Tuesday, June 9, 2009
Tigers 5, White Sox 4; White Sox 6, Tigers 1
Bonderman struggles in return, Tigers get split
Tom Gage / The Detroit News

Chicago -- Moral to the story of Monday's second game? It's easier to come back from a month away than a year.

Making his first start since June 1 of last year, Jeremy Bonderman not only struggled against the White Sox, but gave up three home runs in four innings and was the losing pitcher in a 6-1 defeat.

"He wasn't very good," manager Jim Leyland said.


"It's not that I felt rusty," Bonderman said. "I just didn't execute my pitches. I didn't pitch well at all."

Jose Contreras, on the other hand, was making his first start for the Sox after a month in the minors and blanked the Tigers on one hit for eight innings. Marcus Thames hit a solo home run in the ninth off Matt Thornton (Three Rivers).

The Tigers won the opener of the day-night doubleheader, 5-4, taking advantage of a ninth-inning error to score the winning run.
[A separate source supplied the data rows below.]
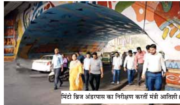
मिंटो ब्रिज अंडरपास का निरीक्षण करतीं मंत्री आतिशी।

कनॉट प्लेस के निकट मिंटो ब्रिज अंडरपास में गत शुक्रवार को भारी बारिश के बाद जलजमाव से वाहन चालकों को परेशानी का सामना करना पड़ा। इससे जाम की स्थिति भी बनी रही। जल जमाव से निपटने के लिए पीडब्ल्यूडी मंत्री आतिशी ने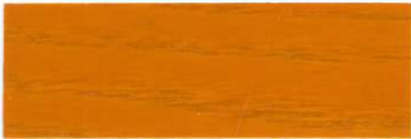
Cerezo / Brillante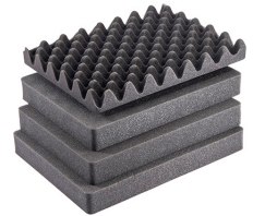
1507AirFS Jeu de mousses de rechange, 5 pièces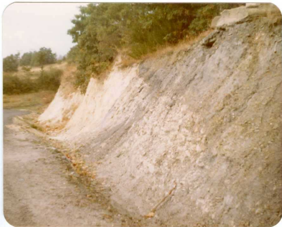
16-08-AD-AC-3008 . - Contacto en discordancia e invertido, entre el tramo Inferior cretácico (Utrillas) ( C_{16-22} ) y Tramo de la Choriza (Westfaliense D sup-Cantabriense). Foto tomada en la - Cra. de Aviñante al Santuario de la Virgen del Brezo.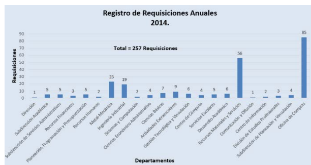
IMAGEN 3: Registro requisiciones anuales por departamento

Esta investigación trajo como resultados una toma de requerimientos precisa que involucra a toda la institución y no solo a un departamento. Se pudo seccionar la actividad que tiene cada departamento dentro del proceso analizando cuantas requisiciones ha emitido a lo largo del año, como se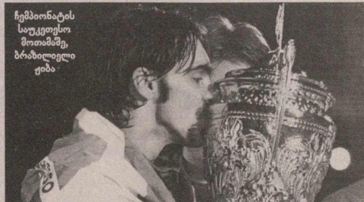
ჩემპიონატის საუკეთესო მოთამაშე, ბრაზილიელი ყიბა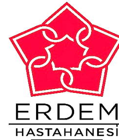
Erdem Hastaneleri (1988)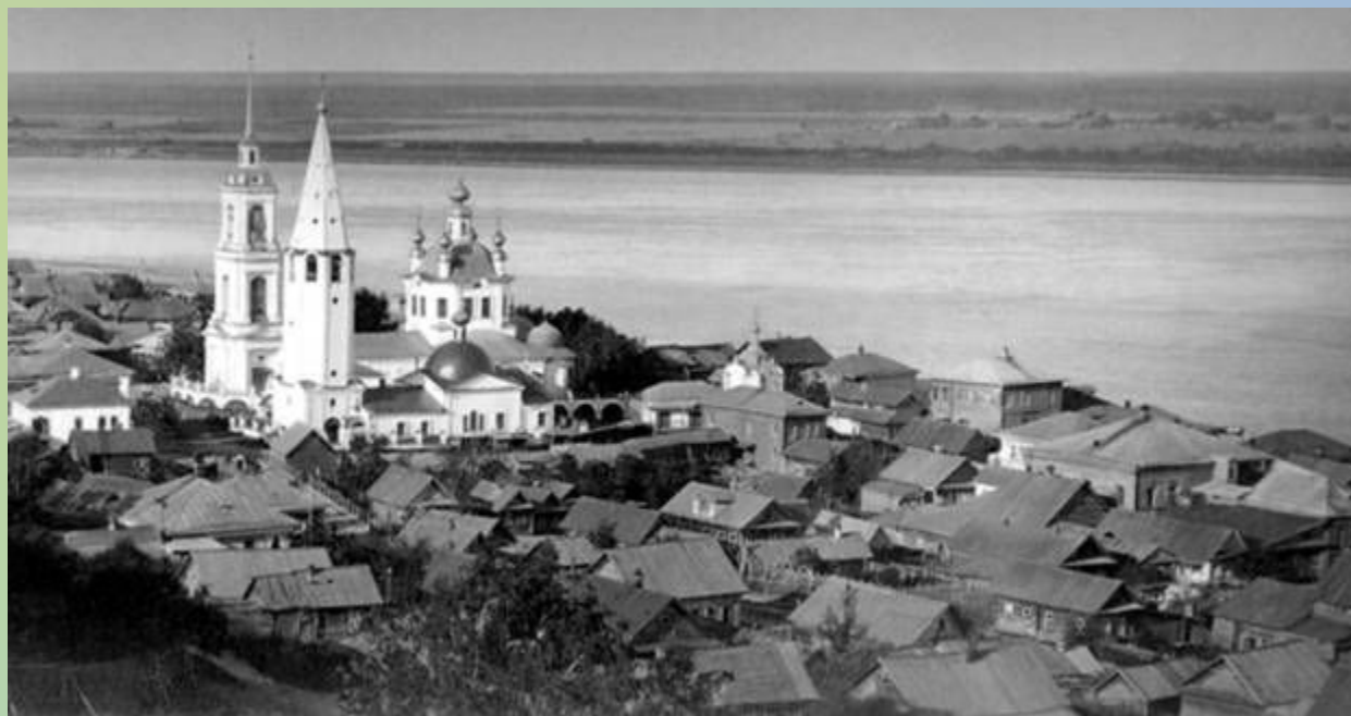
Село Катунки. 1905 год.

В России строчевая вышивка как промысел возникла в большом приволжском торгово-промышленном селе Катунки, находящимся в северо-западной части Нижегородской губернии (ныне Чкаловский район Нижегородской области). Село Катунки долгое время было одним из центров кружевного производства.

They were shut down completely in the nightcap, however -- much to Leyland's chagrin.

To his disgust, actually.

"Contreras pitched an excellent ballgame, but we really didn't do anything to challenge him," Leyland said. "We had terrible at-bats against him, sickening at-bats.

"I'm shocked. Just weak, unaggressive swings. Going up there throwing at-bats away. Terrible. That was a pathetic offensive effort in the second game. It was very disappointing."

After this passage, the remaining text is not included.